If some Historians are to be believed, Kanji dates back to the records of the Indus Valley. Kanji is traditionally made from black carrots which are hard to be found these days. However, as history tells it, the carrots which were black and yellow were cultivated the earliest. But the orange-coloured carrots cultivated in the West gained popularity and replaced all other varieties. Actually, black carrots get their colour from Anthocyanin which is a flavonoid high in antioxidants. But of course, it isn’t just the colour as it is known to have ample health benefits. Moreover, the taste of black carrots is also quite different from the common orange carrot that we see in the market. Kanji is largely made during the winters as black carrots are usually available only during that season. However, one can make Kanji around the year using beetroots and orange carrots instead of black ones.
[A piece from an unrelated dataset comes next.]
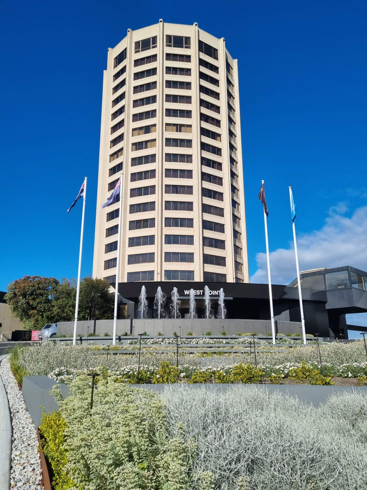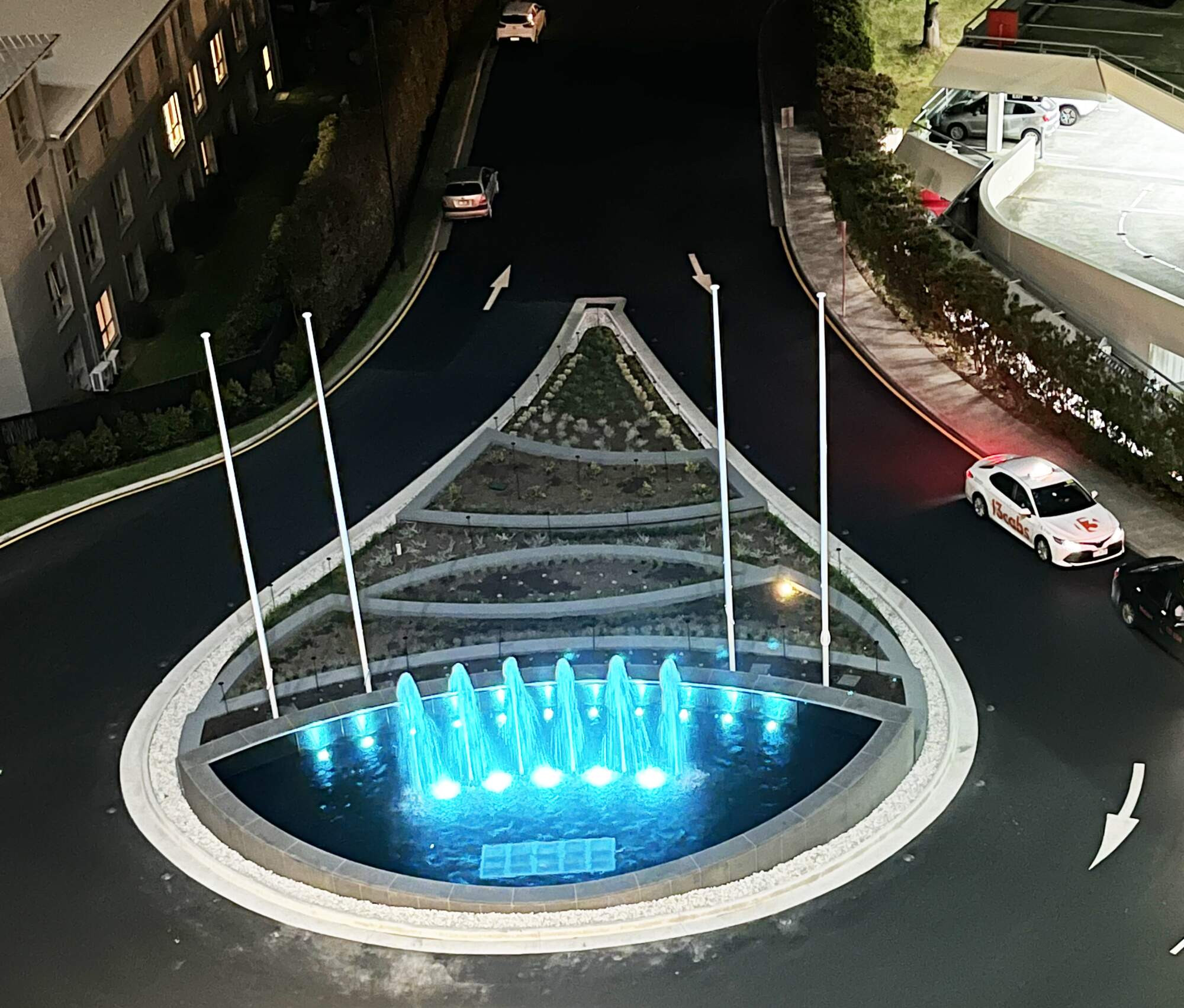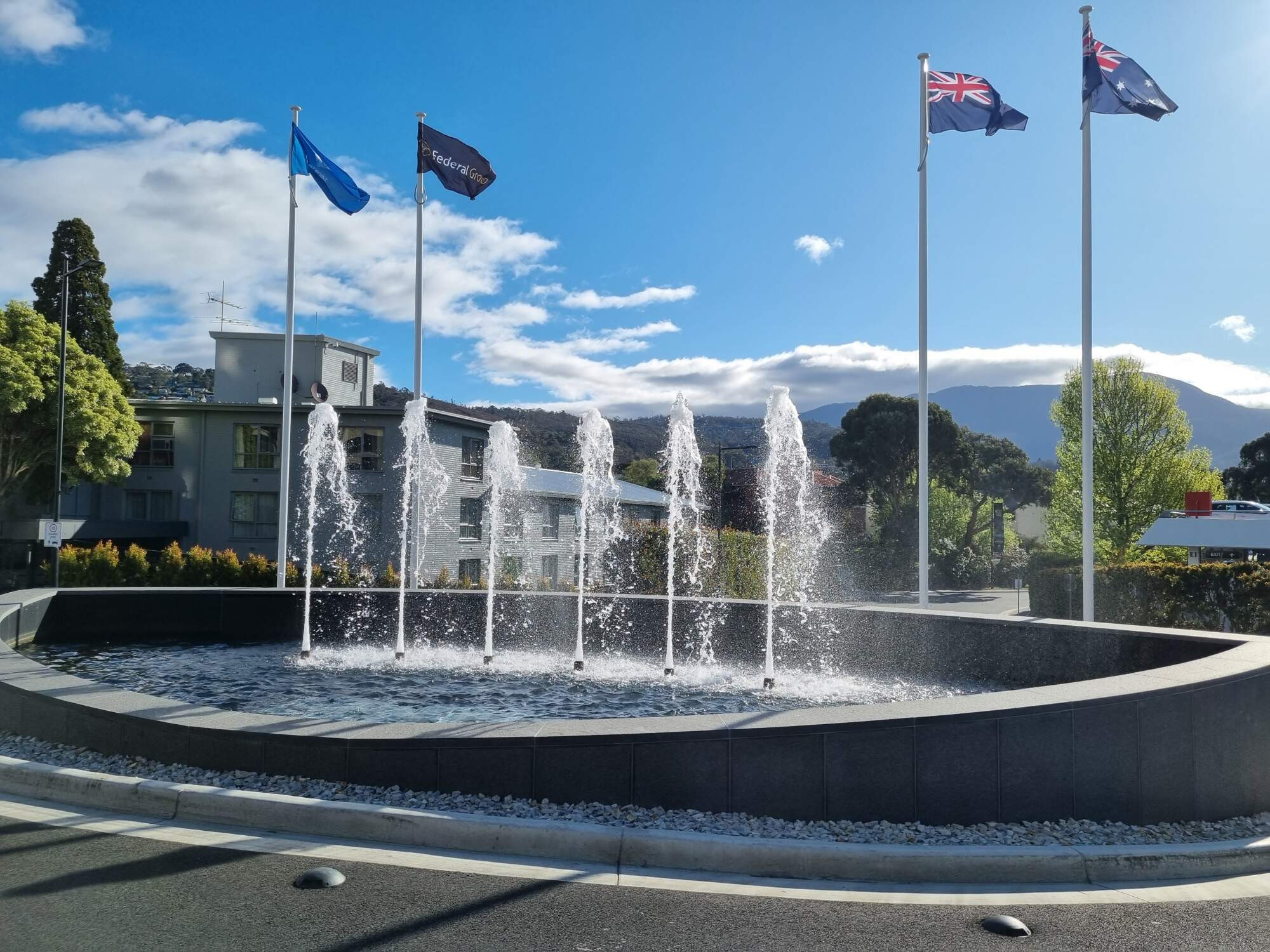 Wrest Point Casino's forecourt entry reflection pool, waterwall, lighting and jet display features two semi-circular sides that form an almond eye-shape ellipse. The reflection pool and waterwall are highly visible to patrons, guests and staff of the casino arriving and departing via the forecourt. The project met the deadline and exceeded all expectations. The dramatic lighting and jet display creates a magical visual impact after dark and adds a celebration ambience to the entry.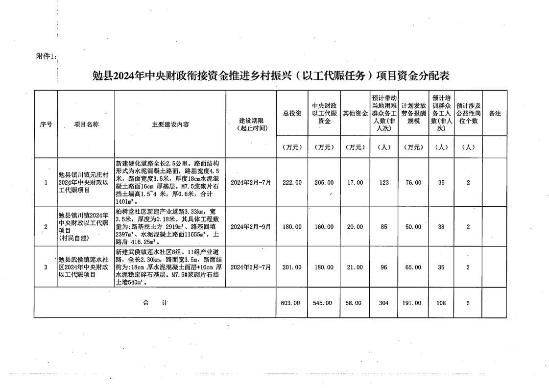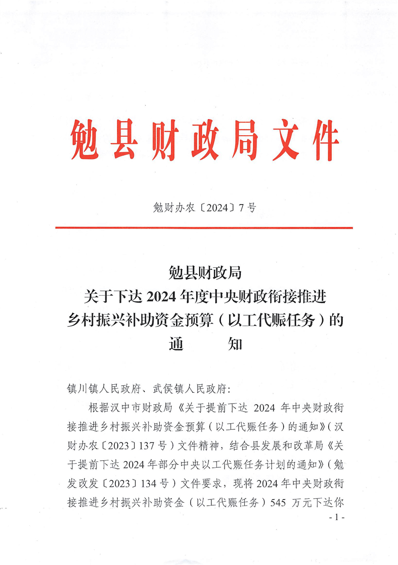 勉财办农〔2024〕7号 勉县财政局关于下达2024年度中央财政衔接推进乡村振兴补助资金预算(以工代赈任务)的通知

It is believed by some religious scholars that Rishi Kashyap mentioned this drink in his ayurvedic thesis “Kashyap Samita”. He says that Kanjika is a sour and fermented rice dish but later, “Kanjika” was used to classify all fermented foods. The north Indian Kanji is also believed to have emerged out of that same old tradition. Usually, the memory of Kanji also brings the memories of grandparents. If I talk about my memory of Kanji, I straight get to my grandmother handing me a glass of it in winters. At that time, I believed that it was quite sharp and pungent but as I grew older, I found myself looking forward to Winters and the Kaanji because of its comfort and familiarity.
Another reason behind having Kanji is that as soon as Winters arrive, elders often suggest eating and drinking immunity boosters because the chances of falling ill are higher at that time. Kanji here comes as a saviour. This is one drink that helps in the overall wellness of the body. Since it is made up of black carrots, beetroot, mustard seeds, black pepper and water, it acts as an immunity booster and acts as a shield from seasonal diseases. It is a probiotic drink that ferments the bacteria in the air and the yeast present in the vegetable skin, making it very good for the gut. Besides, it helps in toning the blood, cleansing the liver and balancing digestion.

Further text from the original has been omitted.